1956 maritime patrol flying boat model by Beriev

The Beriev Be-10, also known as Izdelye M, (NATO reporting name: Mallow) was a twin engined, turbojet powered, flying-boat, patrol bomber built by the Soviet Union from 1955. The Be-10 is sometimes referred to as the M-10, though this designation is believed to apply only to the modified Be-10 that established 12 FAI world records in 1961, Bort no. 40 Yellow, still holding class records for speed and altitude.

==Design and development==
The Be-10 was designed in response to Council of Ministers of the Soviet Union directive No.2622-1105ss which called for a turbojet-powered flying boat for open-sea reconnaissance, bombing, torpedo attack and mine-laying. Stipulated performance was to include a maximum speed of 950 to 1000 km/h and the ability to operate in wave heights of 1.5 m at wind speeds up to 20 m/s with submission for state acceptance trials in November 1955.

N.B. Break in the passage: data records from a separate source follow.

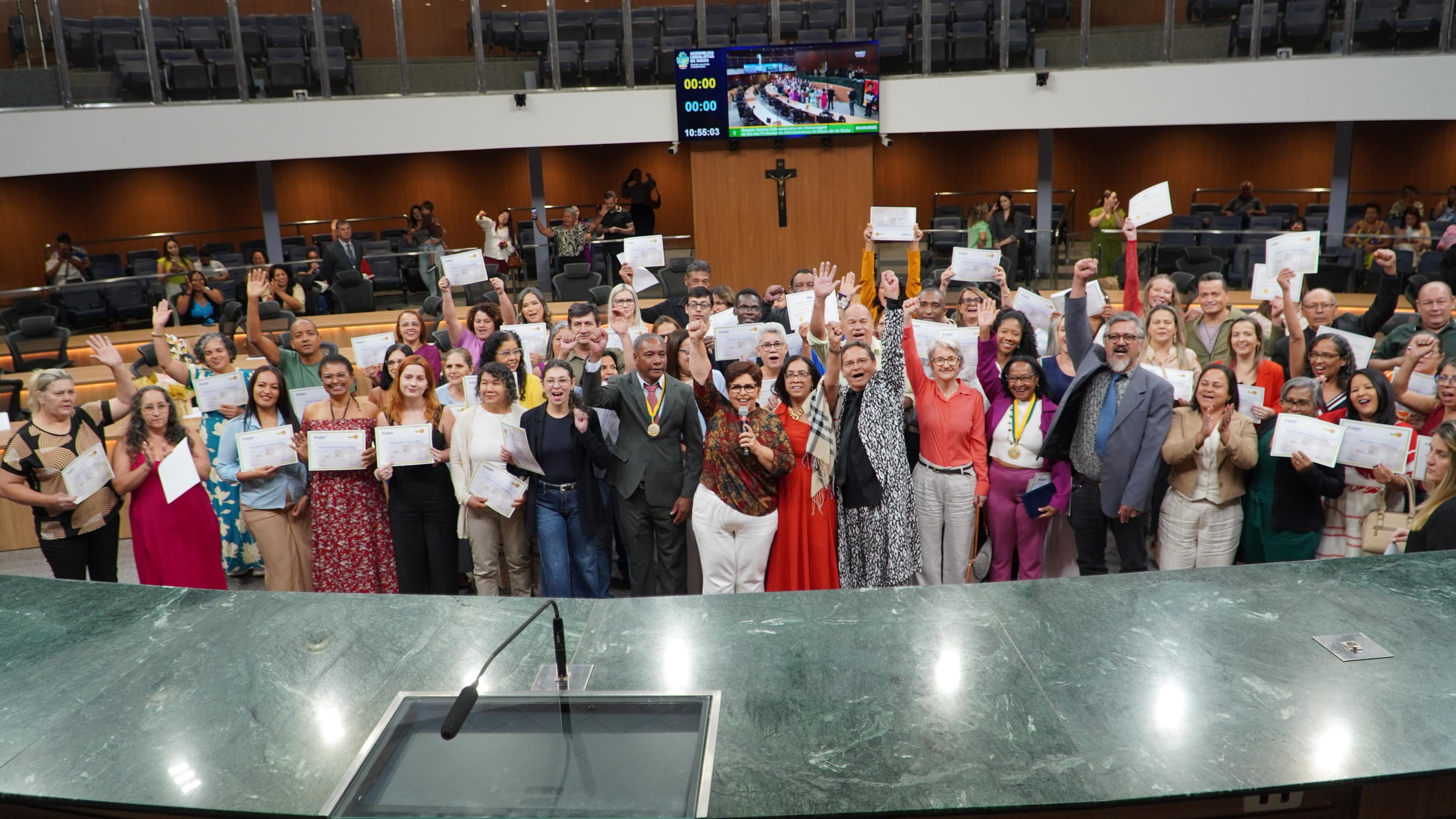 Por iniciativa da deputada estadual Bia de Lima (PT), os funcionários administrativos da educação pública em Goiás, tanto da rede estadual quanto das redes municipais, foram homenageados com o Certificado de Mérito Legislativo e a Medalha Pedro Ludovico Teixeira, que foi entregue aos agentes educacionais de apoio administrativo Rita Maria Maranduba e Bruno Tomaz de Aquino.
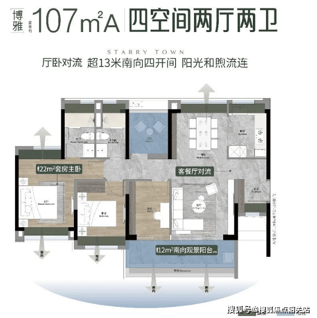 107平方米A户型四房两厅两卫:4.5开间朝南,客厅主卧南北对流,5.9米长观景阳台。
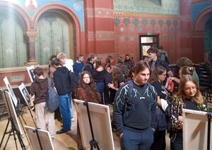 Nachdem bereits im April 2022 die Seliger-Gemeinde mit Thomas Oellermann, Historiker und Präsidiumsmitglied, die Ausstellung „Böhmen liegt nicht am Meer – Lebenswege sudetendeutscher Sozialdemokraten“ am Gymnasium in Teplitz/Teplice zeigen konnte, freute es die Verantwortlichen, dass auch die Ausstellung „GHT – frühe Werke von Georg Hans Trapp des Zeichners von Flossenbürg“ diese Woche im Vortragssaal des Gymnasiums präsentiert werden konnte. Auch hierzu erhielten die Oberstufenschülerinnen und -schüler eine historische Einführung in das Zeitgeschehen und die Person Georg Hans Trapp durch Thomas Oellermann.
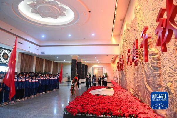 2020年9月25日,在位于山西省大同市靈丘縣的平型關大捷紀念館,工作人員向革命先烈獻花。新華社記者 楊晨光 攝
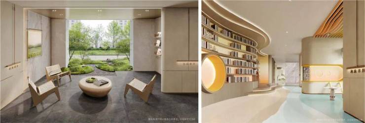 结合建筑、空间、自然环境关系,室内室外联动,呈现一个景观会客、海浪书屋、儿童休闲等多重功能的泛会所架空层,为全龄社交营造一个“有温度、有态度”的邻里空间。
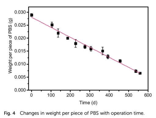 2 PBS降解速率和消耗量數據:通過重量變化測量PBS降解速率,計算PBS消耗量,來自圖4。研究意義是顯示PBS降解線性進行(約0.04 mg/天),消耗量略高于理論值,表明需定期補充碳源,為經濟性評估提供數據。
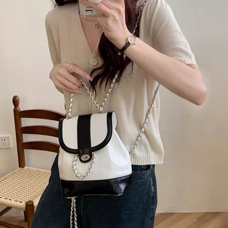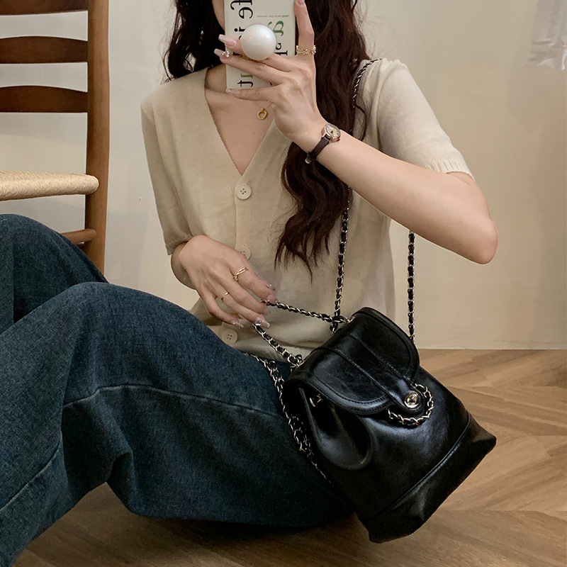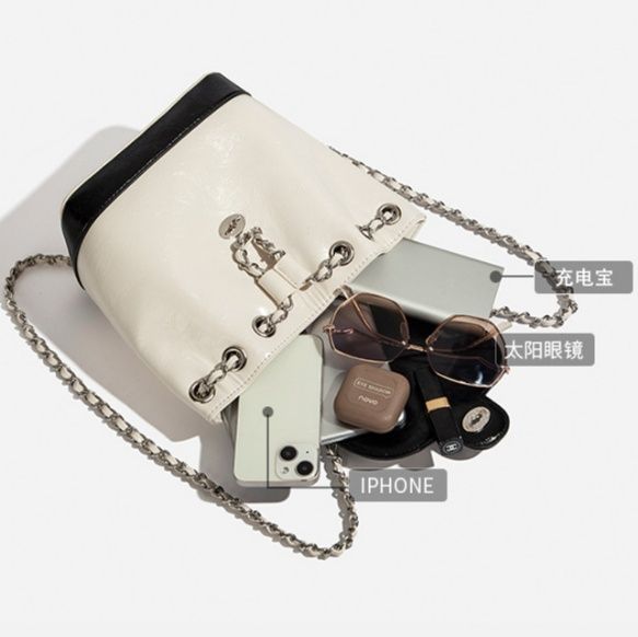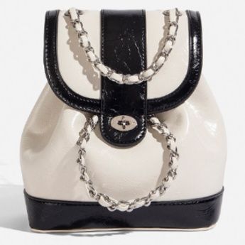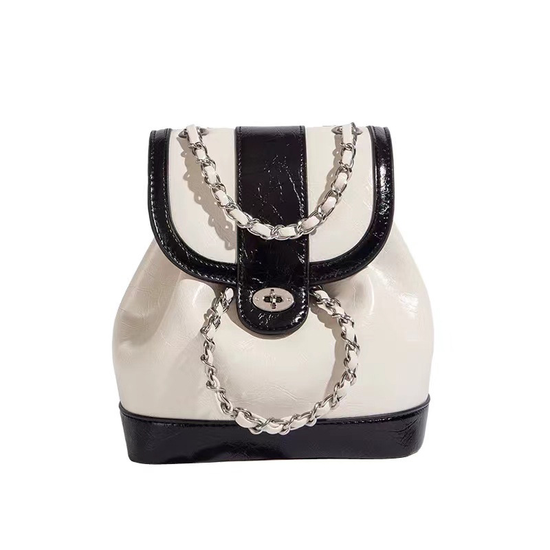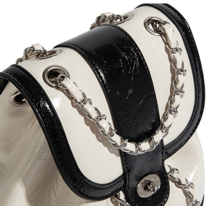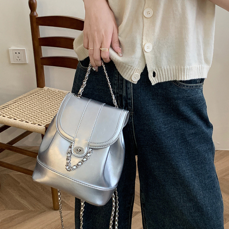 上品な光沢感のある素材とエレガントなチェーンストラップが魅力の多機能リュックです。 巾着のように開閉しやすい仕様で、荷物の出し入れもスムーズに行えます。 リュックとしてだけでなく、チェーンを使えば肩掛けバッグとしても使用できる二通りの持ち方が可能です。 フロントの装飾金具がアクセントとなり、カジュアルから上品なスタイルまで幅広い着こなしに対応します。 コンパクトながらも収納力があり、日常使いに最適な実用的なアイテムです。
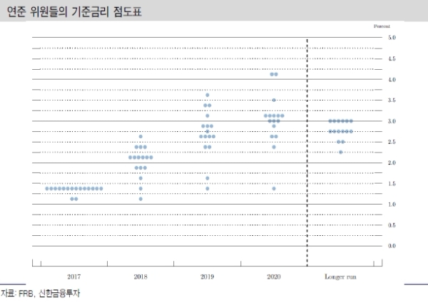 이번 12월 FOMC는 전체적으로 시장의 예상에 부합했다는 평이다. 내년 금리인상 속도의 단서를 제공하는 연준 위원들의 점도표도 거의 변화가 없었다.
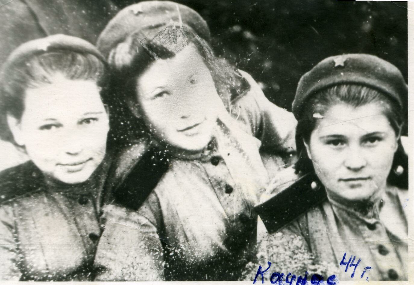 Курсы радисток. В ноябре 1943 года нас с Марусей Мурашкиной, моей лучшей подругой, военкомат послал на курсы радисток в поселок Студенцы Кинельского района. В мае нас, как военнообязанных специалистов, призвали в действующую армию и привезли в город Ярцево Смоленской области, только что освобожденный от фашистов. Здесь организовали запасную часть, где нас стали основательно обучать военному делу и работе на радиостанции. Жили мы в землянках, питались очень плохо: 2 ложки тушеной капусты, 2 сухаря, 4 кусочка сахара и баланда (жидкая похлебка из манной крупы) — из этого состоял весь суточный паек, которым никогда не наедались досыта. Но мы умудрялись еще и фотографироваться, продавая сухари. Письма писали домой на обертке от каш, если не присылали бумаги. Два месяца шло обучение, а потом — переправка в Каунас, и опять нас учили, как исправлять различные поломки на радиостанции, как стрелять из карабина, автомата и т.д.
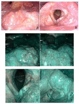 患者,男性,47岁,服装加工厂工人,患者4个月前受凉后出现发热、咳嗽、持续性声音嘶哑,无其他特殊不适,诊所自购配药治疗1个月后发热、咳嗽缓解,声嘶无明显缓解,遂至我院门诊。门诊第1次查NBI喉镜(2021年10月18日)后给予患者消炎消肿散结治疗2周后症状无缓解,并出现咽喉疼痛感;患者再次至我科复诊,第2次查NBI喉镜(2021年11月11日)、胸部CT等检查后高度怀疑继发性肺结核,建议患者结核专科医院就诊进一步治疗。患者未至专科医院就诊,继续当地医院消炎止痛对症治疗,1个月前患者咽喉疼痛加重,再次至我科就诊,第3次查NBI喉镜(2021年12月8日)、喉镜下咽喉肿物组织活检,确诊喉结核。
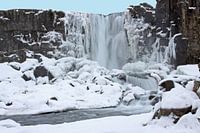 De Oxararfoss waterval in het IJslandse nationale park Pingvellir. In de winter is de waterval omgeven door een sneeuwlandschap en zijn de randen van de waterval bevroren.
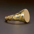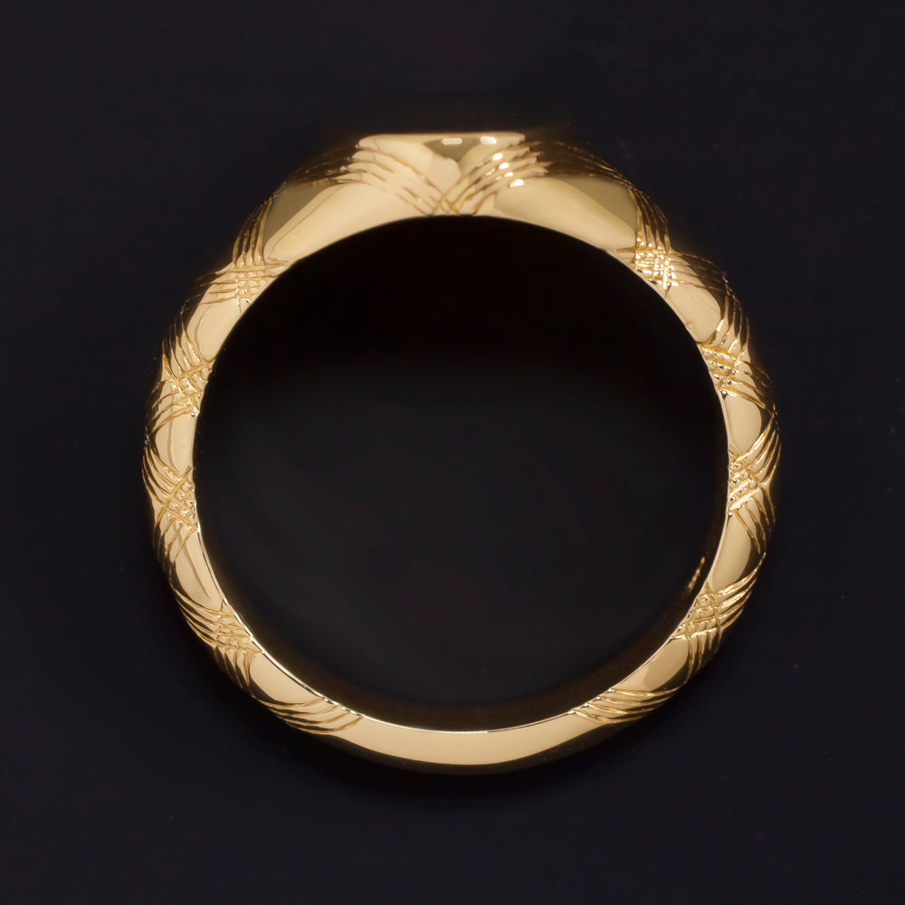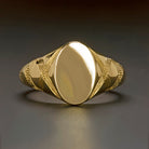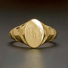 This elegant signet ring is substantial in size and adorned with hand engraved details on the shank. The oval shaped blank face can be personalized with a monogram or other engraving of your choice. The last photo shows an example of our hand engraved lettering. Please get in touch to add on a monogram!
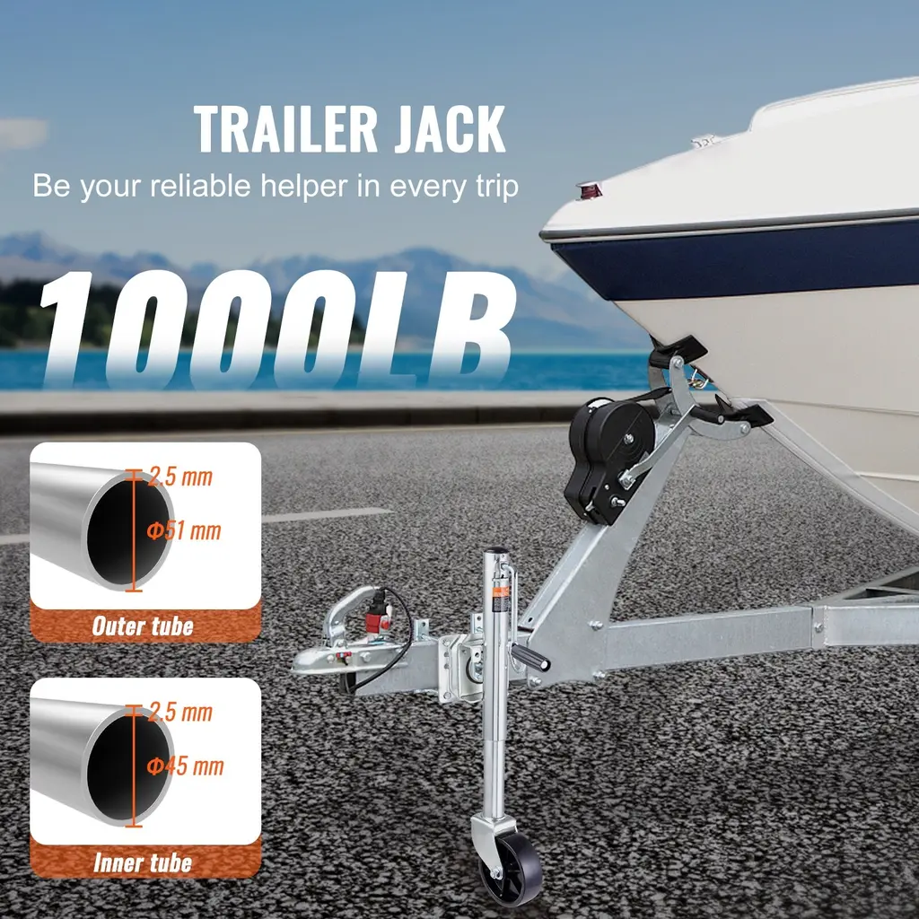 Trailer Jack, Boat Trailer Jack, Bolt-On Trailer Tongue Jack, With Pp Wheel And Handle For Lifting Rv Trailer, Horse Trailer - 1000 Lb Capacity
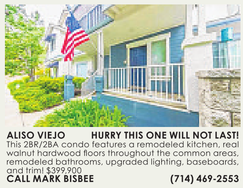 ALISO VIEJO HURRY THIS ONE WILL NOT LAST! This 2BR/2BA condo features aremodeled kitchen, real walnut hardwood floors throughout the common areas, remodeled bathrooms, upgraded lighting, baseboards, and trim! $399,900 CALL MARK BISBEE (714) 469-2553
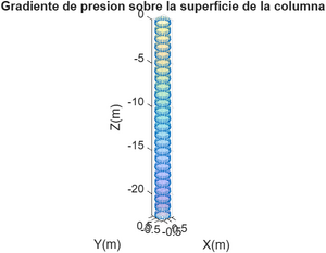 Una vez definido el campo escalar [math]P(z)[/math] y la superficie cilíndrica, se utiliza un mapa de colores para representar visualmente la presión:
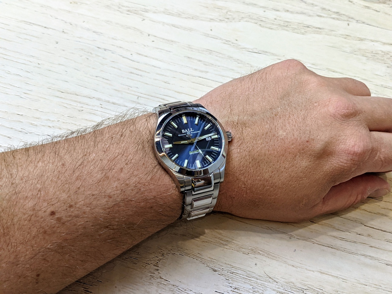 Давно (года с 17-го) подбирал что-то универсальное, в основном для поездок (раньше из командировок не вылезал): утром на переговоры, в обед на пляж, вечером в бар. Либо возил с собой двое часов, либо не надевал на несоответствующее мероприятие. Хотелось чёрное лицо, полностью сталь, хороший точный мех. Размер нужен был 40-41 мм, без больших цифр, с запасом от 70 часов, водозащита от 100 м, люм на стрелках и метках. Конечно, по моим критериям, это Устрица Вечная))). Пока копил на Ойстер он дорожал, я копил - он дорожал и так до бесконечности, а самое главное, я потом расхотел Ролекс, даже дешевле. Вот просто расхотелось покупать, еще и за такие деньги, самые подделываемые часы. Я столько подделок видел на руках, что не хочу сам себя оправдывать что у меня настоящие. Я поэтому никогда не покупал жене кожгалантерею LV. Рассматривал Зенит и Омегу (не зашли по дизайну), ИВаСи Инженер (запас хода 42), Таг (то же и ЕТА переделка), Лонжин (ЕТА, 5 атм), много чего ещё, пока, совершенно случайно, не наткнулся на обзор Ball.
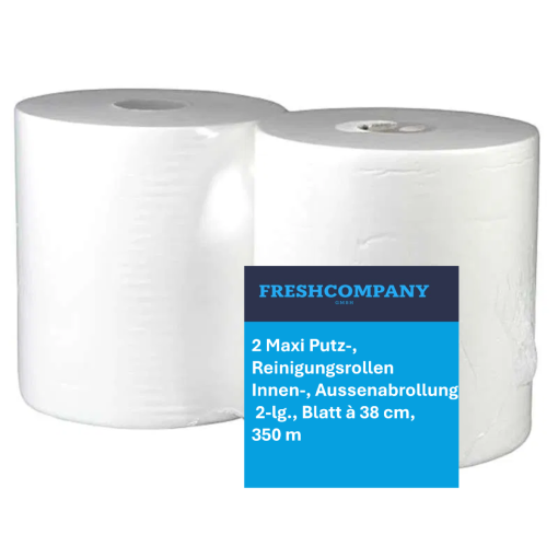 2 Maxi Putz-, Reinigungsrollen Innen-, Aussenabrollung 2-lg., Blatt à 38 cm, 350 m
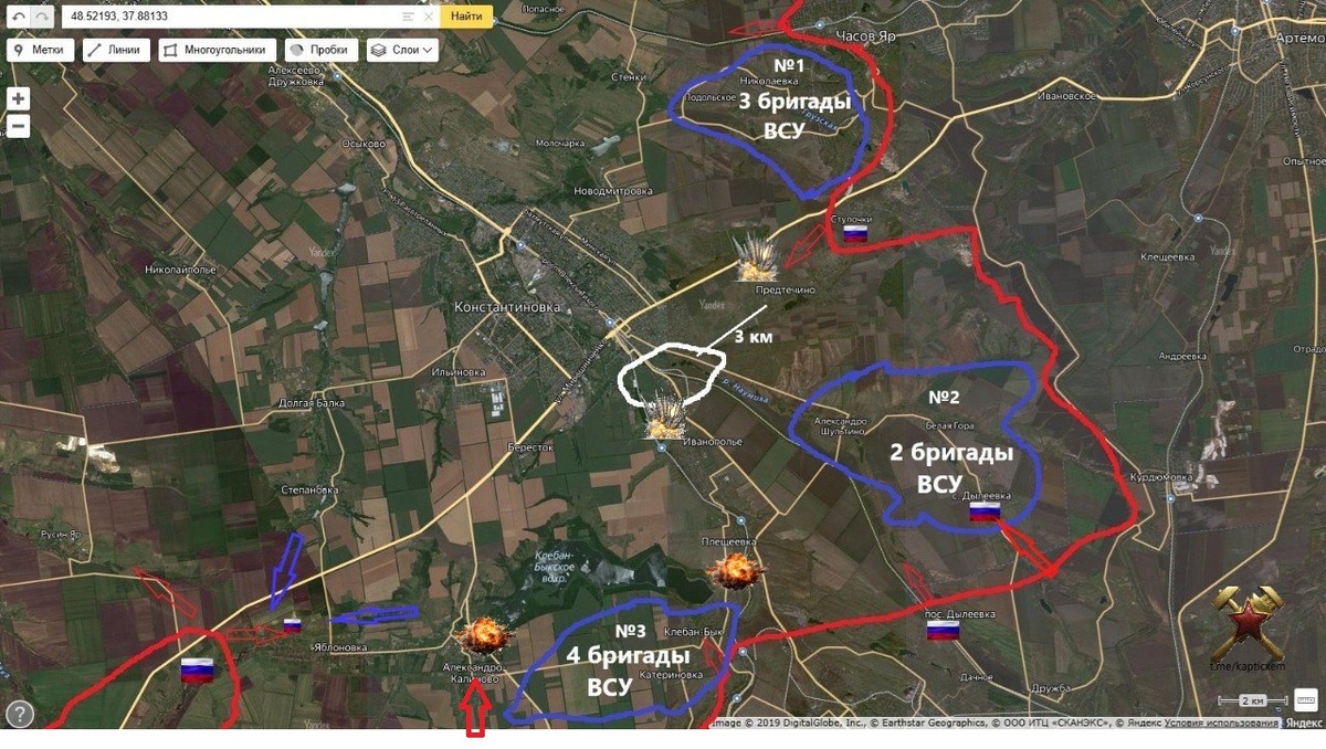 В ответ на пост Район Дзержинска (Торецка) У группировки ВСУ №3 положение продолжает ухудшаться. Российские разведгруппы уже заходят в Александрово-Калиново, идет уничтожение огневых точек и минирование путей подвоза. От Плещеевки у ВСУ так же сложности с логистикой. Генштабу ВСУ пора принимать какие то решения, или выводить бригады из зоны №3, или деблокировать. Под Ступочками ВС РФ продолжают уничтожать укрепления в Предтечино и по трассе на Константиновку. Так же пошло размягчение обороны в Иванополье. Контратаковать противник прекратил. схемы и карты
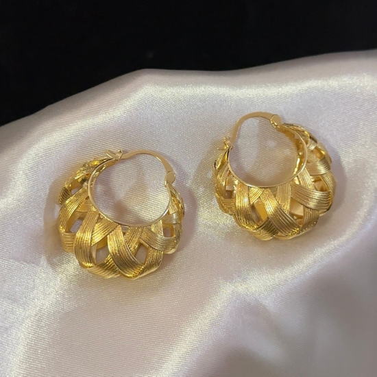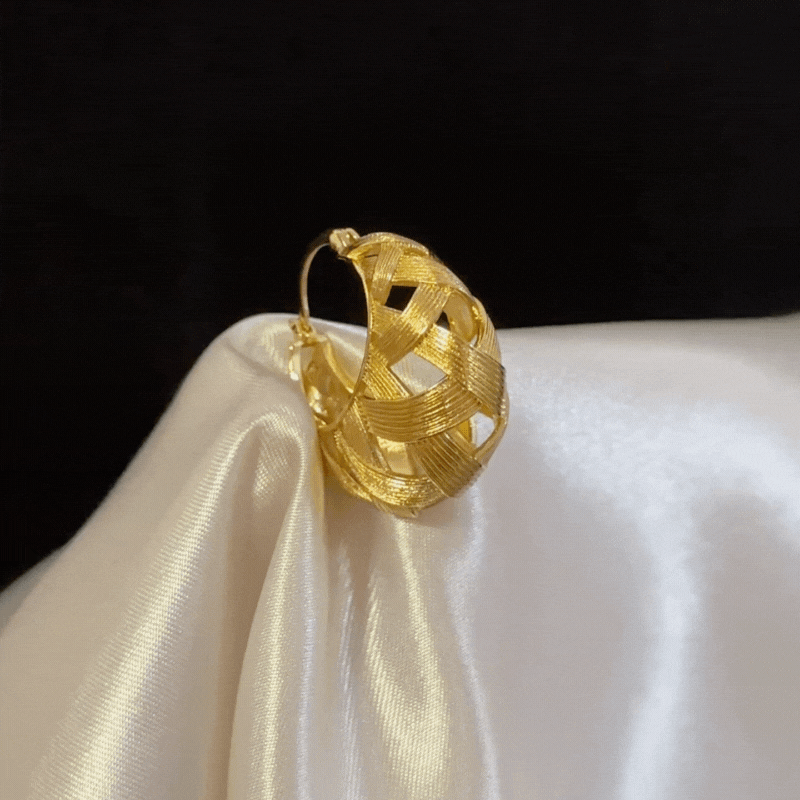 Modern Luxury C-Shaped Textured Weave 925 Surgical Steel Earrings for Women

OKB-49, under the leadership of Gheorgiy M. Beriev took up the challenge of designing and building the izdeliye M (Beriev OKB in-house designation), approval to proceed with prototype manufacture was received in mid-1954, but OKB-49 did not have facilities to build the prototype, so this was performed at the nearby GAZ no.89 (Gosudarstvenny Aviatsionnyy Zavod – state aviation plant/factory), also known as TMZD (Taganrogskiy Mashinostroitel'nyy Zavod imeeni Dimitrova – Taganrog Machinery Plant named after Gheorgi Dimitrov).

Beriev realised that the Be-10 would be ready for trials during the winter of 1955, but Taganrog, where the OKB was located, is ice-bound in winter, so an alternative site was chosen at Gelendzhik on the Black Sea coast, which is clear of ice all year round. The completed components of the first prototype were transported to Gelendzhik where they were assembled and trials begun on 20 December 1955. Initial ground running of the engines revealed potentially disastrous vibration of the rear fuselage, which caused cracking of skin and structural components as well as loosening nuts and fasteners, also the fracture of pipeline and wiring loom support brackets. To reduce the vibration caused by the jet exhaust, the jet-pipes were splayed outboard by a further 3° to 6°. The prototype also underwent trial installation of raised extended air intakes to reduce water ingestion, but they were not adopted for in-service aircraft due to the degradation in performance.

After the first flight of the Be-10 on 20 June 1956, manufacturers flight testing lasted a total of 76 flights up to 20 October 1958, whence the prototype was submitted for state acceptance trials along with the first production aircraft. Anticipating that any deficiencies could be rectified during production or by modification, production of 27 examples for service with Soviet Naval Aviation (AV-MF) was authorised from 1958 to 1961.

The Be-10 is an all-metal high-wing monoplane with the engines located beneath the wing roots and with splayed-out tailpipes. To minimize the risk of water ingestion, the engine air intakes are located on the forward fuselage section with spray fences on either side of the bow protecting the engines from water ingestion. The streamlined hull was fitted with a shallow single-step, sea rudder under the rear fuselage, 50° swept wings with marked anhedral and balance floats attached by short pylons at the wing-tips.

Conventional swept-back stressed skin construction tail surfaces were a 35° sweptback fin and 40° swept tail-planes just above the rear fuselage. Control surfaces were ailerons on each wing, a rudder on the fin and elevators on the tail-planes. The fuselage has a high length-to-beam ratio to improve rough water handling, a v-section planing bottom, two steps and was divided into nine water-tight compartments the forward and rear compartments being pressurised. Engine nacelles for the Lyul'ka AL-7F engines were attached to the fuselage sides under the wing centre-section.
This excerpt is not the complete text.